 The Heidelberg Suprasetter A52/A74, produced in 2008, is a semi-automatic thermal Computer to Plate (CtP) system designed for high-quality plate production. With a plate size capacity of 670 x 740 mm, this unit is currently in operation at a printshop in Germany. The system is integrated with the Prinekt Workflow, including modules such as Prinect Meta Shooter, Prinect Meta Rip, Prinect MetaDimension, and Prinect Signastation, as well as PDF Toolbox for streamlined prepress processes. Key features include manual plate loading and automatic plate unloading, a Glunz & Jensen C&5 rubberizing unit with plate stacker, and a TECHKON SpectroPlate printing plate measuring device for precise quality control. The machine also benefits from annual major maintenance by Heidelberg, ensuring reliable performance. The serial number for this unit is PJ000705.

== == ==

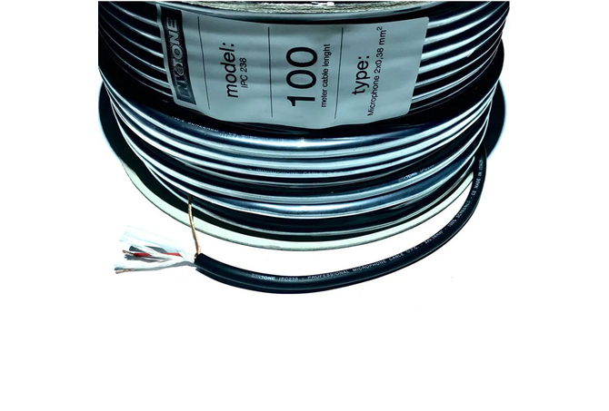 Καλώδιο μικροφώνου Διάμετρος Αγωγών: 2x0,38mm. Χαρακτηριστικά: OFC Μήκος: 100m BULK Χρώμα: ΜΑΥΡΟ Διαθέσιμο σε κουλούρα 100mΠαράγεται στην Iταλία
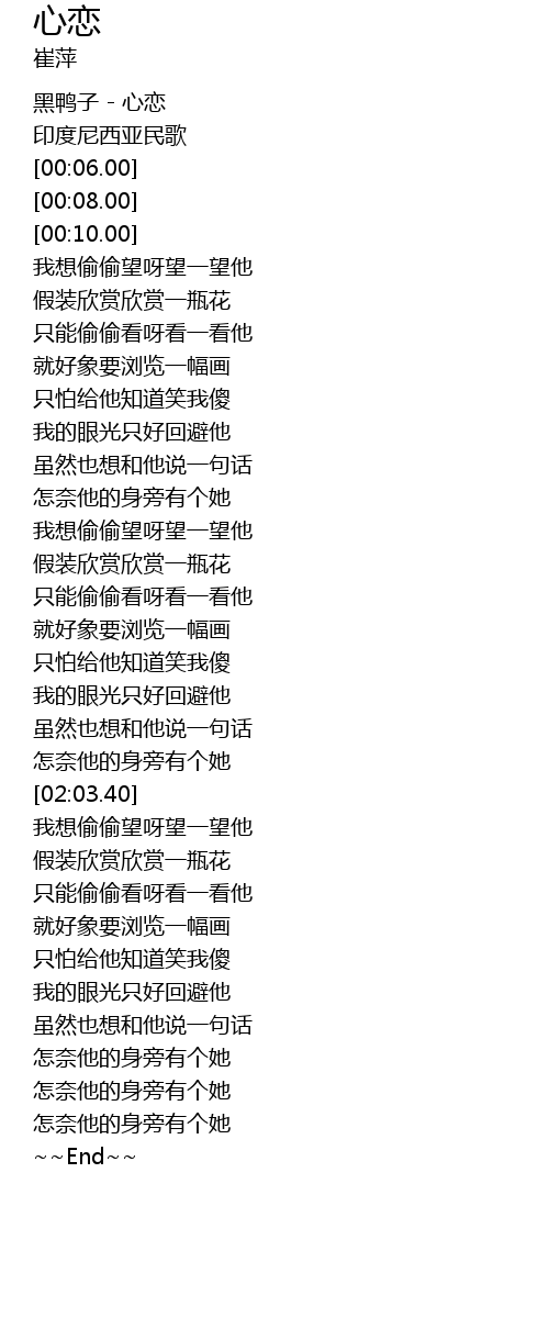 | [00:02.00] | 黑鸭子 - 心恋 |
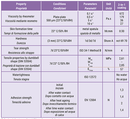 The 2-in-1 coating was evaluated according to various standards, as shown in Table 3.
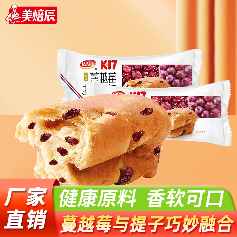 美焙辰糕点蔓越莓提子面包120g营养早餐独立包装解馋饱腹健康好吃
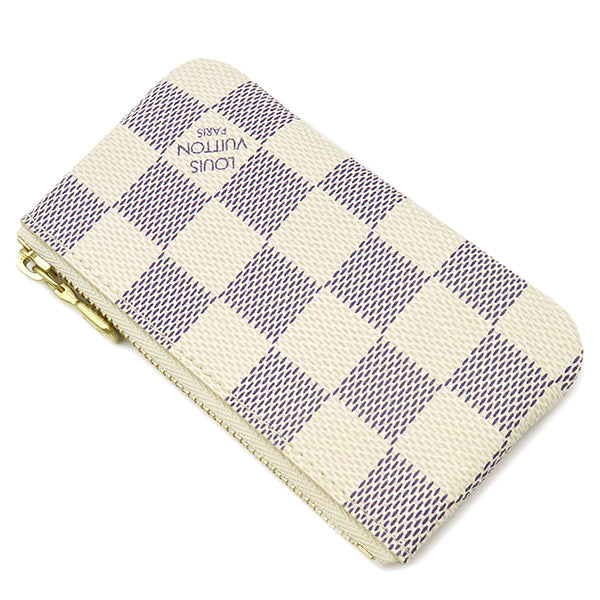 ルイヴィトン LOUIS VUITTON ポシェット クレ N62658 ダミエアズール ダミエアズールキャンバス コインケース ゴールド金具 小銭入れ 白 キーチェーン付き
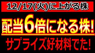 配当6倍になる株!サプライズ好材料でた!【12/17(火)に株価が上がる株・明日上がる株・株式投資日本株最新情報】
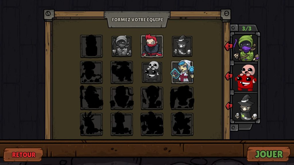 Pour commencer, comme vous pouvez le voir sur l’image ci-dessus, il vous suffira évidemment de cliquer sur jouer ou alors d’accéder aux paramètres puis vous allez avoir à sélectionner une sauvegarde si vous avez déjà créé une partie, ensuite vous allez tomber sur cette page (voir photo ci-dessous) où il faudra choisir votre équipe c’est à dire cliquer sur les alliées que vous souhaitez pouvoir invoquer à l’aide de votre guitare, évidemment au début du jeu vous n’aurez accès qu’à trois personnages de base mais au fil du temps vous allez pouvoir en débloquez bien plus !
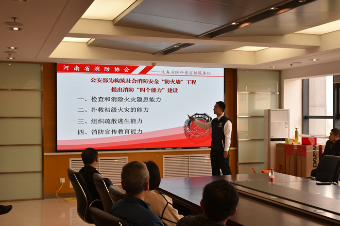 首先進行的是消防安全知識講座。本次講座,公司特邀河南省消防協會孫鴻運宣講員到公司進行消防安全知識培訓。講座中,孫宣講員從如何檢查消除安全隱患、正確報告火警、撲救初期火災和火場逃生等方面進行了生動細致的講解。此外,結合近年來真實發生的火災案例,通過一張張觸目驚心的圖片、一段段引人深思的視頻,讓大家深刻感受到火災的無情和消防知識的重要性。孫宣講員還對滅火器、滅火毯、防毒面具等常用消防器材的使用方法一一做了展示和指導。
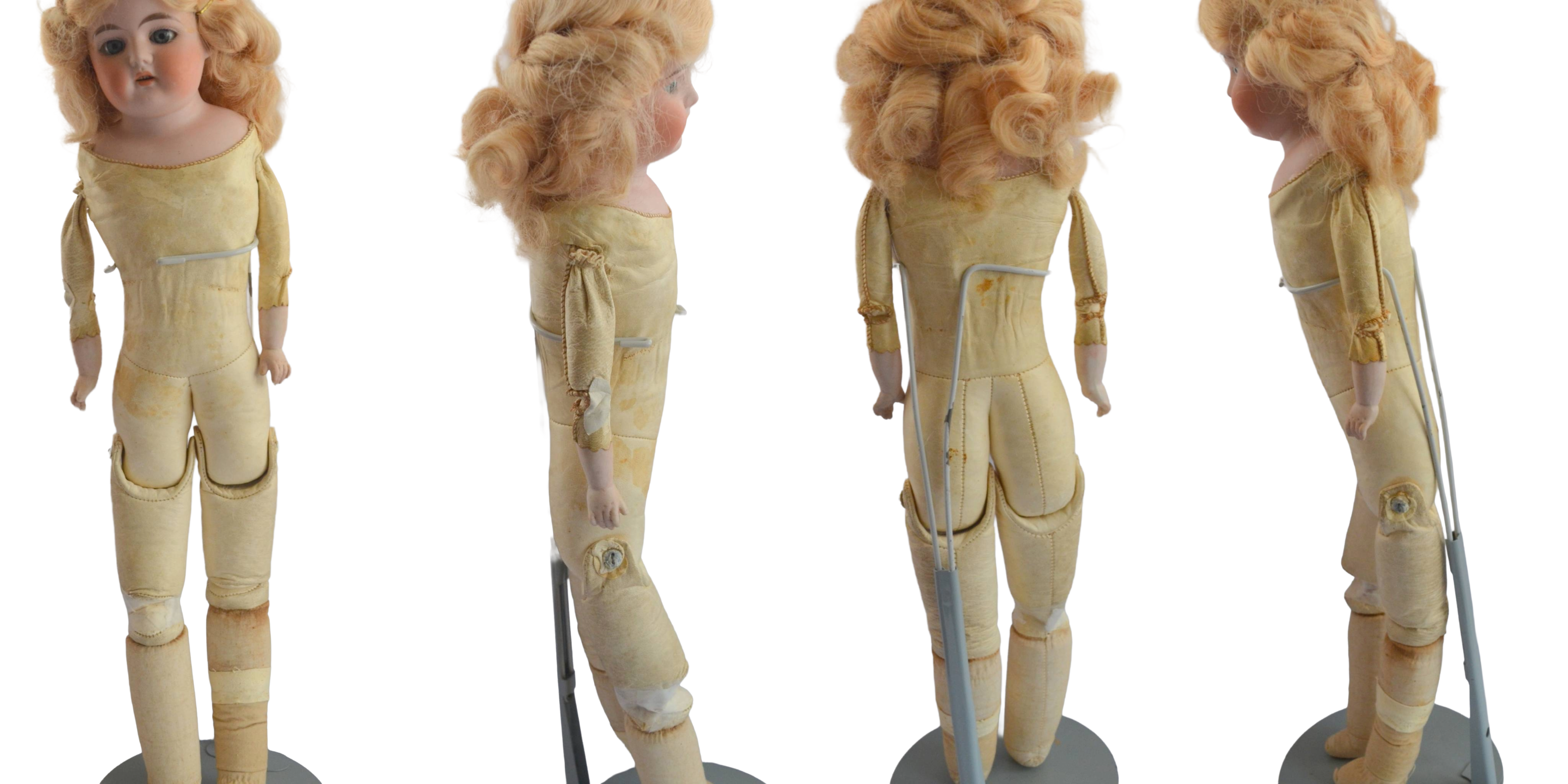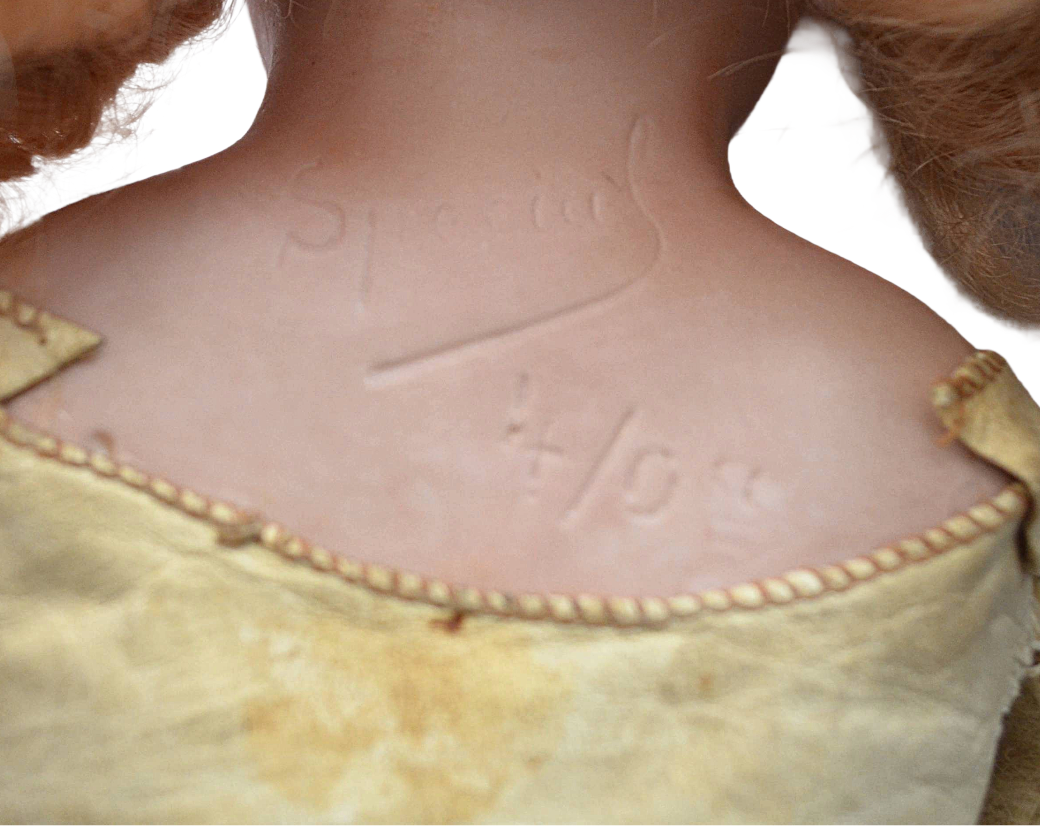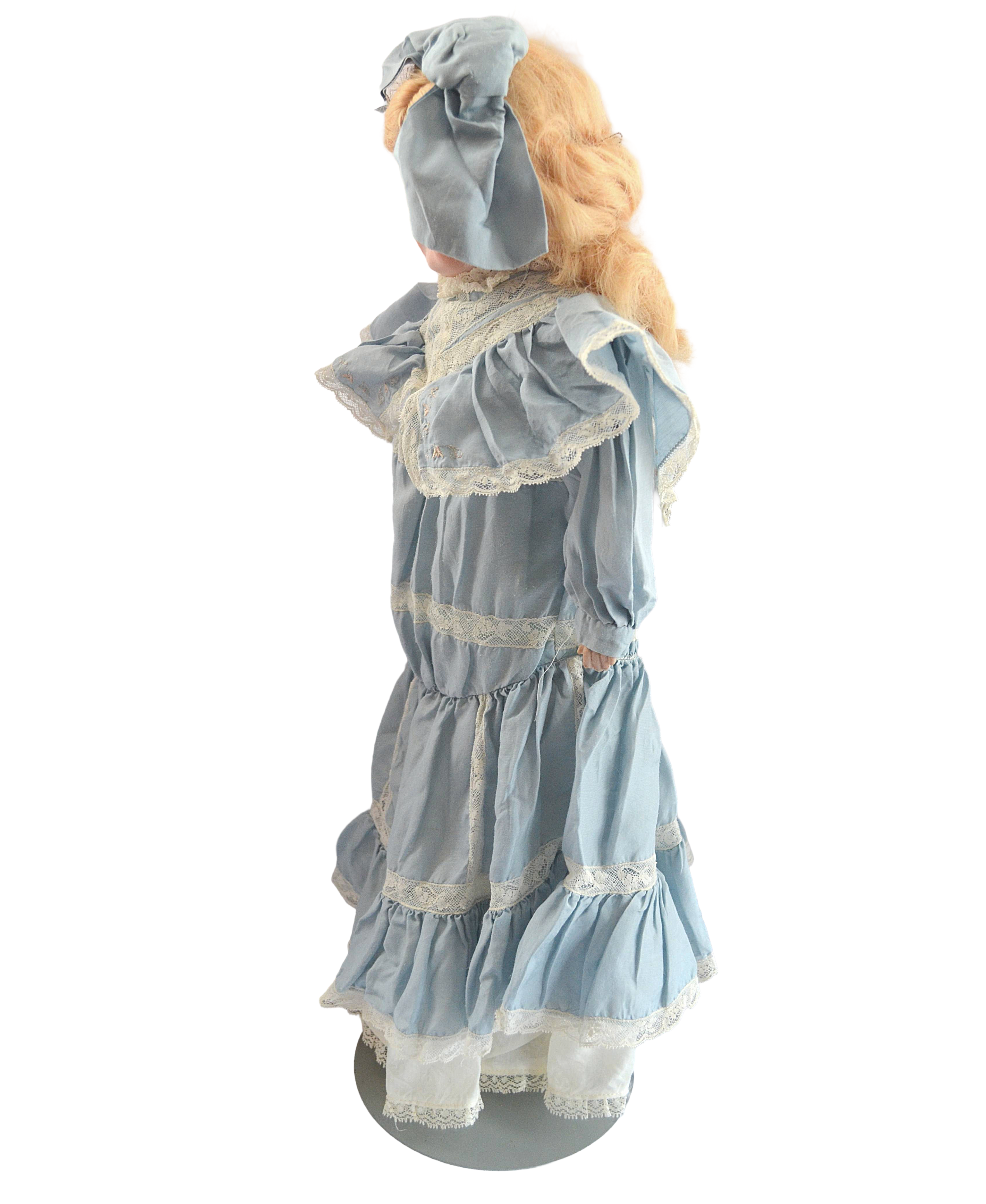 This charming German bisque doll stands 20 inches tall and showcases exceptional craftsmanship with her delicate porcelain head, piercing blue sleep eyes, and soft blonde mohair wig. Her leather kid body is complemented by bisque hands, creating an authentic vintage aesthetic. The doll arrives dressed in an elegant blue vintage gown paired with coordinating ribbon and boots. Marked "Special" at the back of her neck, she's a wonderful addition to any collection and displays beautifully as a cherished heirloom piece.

== == ==

TASK PROMPT = Above are the records; please give again, exactly and in full, only the lines that run from the line with "Pour commencer, comme" through the line with "首先進行的是消防安全知識講座", with no pictures.

RESPONSE =
 Pour commencer, comme vous pouvez le voir sur l’image ci-dessus, il vous suffira évidemment de cliquer sur jouer ou alors d’accéder aux paramètres puis vous allez avoir à sélectionner une sauvegarde si vous avez déjà créé une partie, ensuite vous allez tomber sur cette page (voir photo ci-dessous) où il faudra choisir votre équipe c’est à dire cliquer sur les alliées que vous souhaitez pouvoir invoquer à l’aide de votre guitare, évidemment au début du jeu vous n’aurez accès qu’à trois personnages de base mais au fil du temps vous allez pouvoir en débloquez bien plus !
 首先進行的是消防安全知識講座。本次講座,公司特邀河南省消防協會孫鴻運宣講員到公司進行消防安全知識培訓。講座中,孫宣講員從如何檢查消除安全隱患、正確報告火警、撲救初期火災和火場逃生等方面進行了生動細致的講解。此外,結合近年來真實發生的火災案例,通過一張張觸目驚心的圖片、一段段引人深思的視頻,讓大家深刻感受到火災的無情和消防知識的重要性。孫宣講員還對滅火器、滅火毯、防毒面具等常用消防器材的使用方法一一做了展示和指導。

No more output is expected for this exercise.